The Never Fail Tenderloin never fails me and I can cook it just right - mooing!

The Never Fail Tenderloin never fails me and I can cook it just right - nice and rare!

 

A friend introduced me to a new cookbook and I simply love it. It’s beautiful, it has wonderful food and it’s even local. Written in honor of Carlene Banks, one of Wichita’s late “Grande Dames” and with proceeds benefitting our terrific museum (the Wichita Art Museum or WAM), Artfully Done Across Generations is both a cookbook and a coffee-table-worthy art book featuring images of art from the WAM collection. 
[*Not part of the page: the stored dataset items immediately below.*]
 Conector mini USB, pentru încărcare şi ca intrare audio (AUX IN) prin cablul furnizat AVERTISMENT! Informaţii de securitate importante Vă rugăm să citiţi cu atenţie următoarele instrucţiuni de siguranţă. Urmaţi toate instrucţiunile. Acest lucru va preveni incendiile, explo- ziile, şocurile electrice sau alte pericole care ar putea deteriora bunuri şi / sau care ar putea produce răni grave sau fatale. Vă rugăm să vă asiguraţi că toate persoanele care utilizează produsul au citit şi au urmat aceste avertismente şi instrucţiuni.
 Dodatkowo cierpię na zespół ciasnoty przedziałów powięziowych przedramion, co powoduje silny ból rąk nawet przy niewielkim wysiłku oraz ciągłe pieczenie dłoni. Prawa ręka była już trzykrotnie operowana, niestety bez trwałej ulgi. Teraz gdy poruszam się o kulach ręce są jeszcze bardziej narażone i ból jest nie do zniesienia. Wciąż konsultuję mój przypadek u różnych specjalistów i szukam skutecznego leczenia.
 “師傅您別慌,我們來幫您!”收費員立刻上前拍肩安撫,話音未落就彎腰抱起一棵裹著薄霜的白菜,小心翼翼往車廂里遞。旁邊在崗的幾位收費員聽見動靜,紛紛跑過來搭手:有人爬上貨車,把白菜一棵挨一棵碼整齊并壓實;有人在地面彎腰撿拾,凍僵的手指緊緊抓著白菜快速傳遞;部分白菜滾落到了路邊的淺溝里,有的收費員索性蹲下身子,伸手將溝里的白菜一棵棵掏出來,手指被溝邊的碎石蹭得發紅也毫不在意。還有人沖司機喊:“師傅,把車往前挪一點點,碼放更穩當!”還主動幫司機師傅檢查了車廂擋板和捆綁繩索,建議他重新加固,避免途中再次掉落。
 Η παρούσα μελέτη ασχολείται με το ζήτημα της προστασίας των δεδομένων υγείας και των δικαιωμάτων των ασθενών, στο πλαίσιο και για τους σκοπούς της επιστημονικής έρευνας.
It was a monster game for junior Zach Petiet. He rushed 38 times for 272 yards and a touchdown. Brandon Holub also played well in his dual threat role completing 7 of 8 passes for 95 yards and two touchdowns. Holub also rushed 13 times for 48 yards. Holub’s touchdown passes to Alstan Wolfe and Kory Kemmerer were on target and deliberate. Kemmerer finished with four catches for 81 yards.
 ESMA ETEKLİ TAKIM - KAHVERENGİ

 With 538 recipes (I’ve only tried a handful), but I can testify that they have all been spectacular. In fact, I’ve included several in my cooking school and served the Never-Fail Beef Tenderloin several times already. The family even asked for it for this year’s Easter dinner! I’m thinking we’ll go with a more traditional ham, though! 
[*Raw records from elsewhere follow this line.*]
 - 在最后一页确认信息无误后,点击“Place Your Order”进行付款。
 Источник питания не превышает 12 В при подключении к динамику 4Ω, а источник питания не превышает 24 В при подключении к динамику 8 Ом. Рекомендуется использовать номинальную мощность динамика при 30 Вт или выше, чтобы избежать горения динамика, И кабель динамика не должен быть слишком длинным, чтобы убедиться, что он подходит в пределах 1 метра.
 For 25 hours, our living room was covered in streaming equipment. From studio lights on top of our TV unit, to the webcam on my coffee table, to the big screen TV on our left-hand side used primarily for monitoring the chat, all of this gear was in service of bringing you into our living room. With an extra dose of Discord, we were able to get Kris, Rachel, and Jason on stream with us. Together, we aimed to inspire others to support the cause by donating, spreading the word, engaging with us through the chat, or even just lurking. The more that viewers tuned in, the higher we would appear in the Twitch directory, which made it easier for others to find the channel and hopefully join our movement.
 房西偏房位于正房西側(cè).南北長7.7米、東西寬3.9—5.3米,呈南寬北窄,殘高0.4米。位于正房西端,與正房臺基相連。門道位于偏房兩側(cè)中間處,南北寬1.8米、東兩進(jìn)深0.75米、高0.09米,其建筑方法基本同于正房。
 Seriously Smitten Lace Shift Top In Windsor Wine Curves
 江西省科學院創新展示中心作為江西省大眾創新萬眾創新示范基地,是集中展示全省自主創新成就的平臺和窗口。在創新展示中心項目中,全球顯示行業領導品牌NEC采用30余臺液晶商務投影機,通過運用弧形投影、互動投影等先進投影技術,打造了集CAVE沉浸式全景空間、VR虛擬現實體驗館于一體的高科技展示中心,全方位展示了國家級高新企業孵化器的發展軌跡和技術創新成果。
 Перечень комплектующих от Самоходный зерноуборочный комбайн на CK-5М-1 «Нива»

You all should try this terrific recipe – it’s incredibly easy and very tasty! It gives a sweet and savory crunch to the outside of a succulent and tender cut of meat. And it is simple to ensure you reach your desired “doneness” with this recipe, as well. Just make sure you have a thermometer!

Another little trick? This rub works beautifully with a skirt steak or flank steak – you know those less expensive cuts meant for fajitas in the meat case? Follow the same instructions, but start watching your meat after about 10 minutes – those thin cuts cook quickly!

Never Fail Beef Tenderloin (modified)
Original recipe from Artfully Done Across Generations
1 (5 to 6 pound) beef tenderloin, trimmed
1/4 cup Dijon mustard
2 pressed garlic cloves
1 teaspoon garlic salt
1/2 teaspoon onion salt
3/4 teaspoon black pepper
3/4 cup brown sugar  (packed)
1 cup beef stock

Preheat your oven to 375. Combine mustard, garlic, salts and pepper then coat the tenderloin with your mustard mix. Then, press brown sugar evenly into the mustard and place in the oven, uncovered. Bake until reaches desired doneness. (140 degrees for rare and 150 for medium rare. Anything more than that and you’ve committed blasphemy and ruined a 40-buck cut of meat.)

I serve the tenderloin sliced and without any sauce or decoration. It’s too good to cover up in my opinion. However, the formal recipe says that while you allow the meat to rest (10 minutes should do it) that you add the stock to your pan drippings and heat through to serve as a sauce.

Hint: This is extra good the next day, sliced thinly and served on a fresh croissant with a creamy horseradish sauce.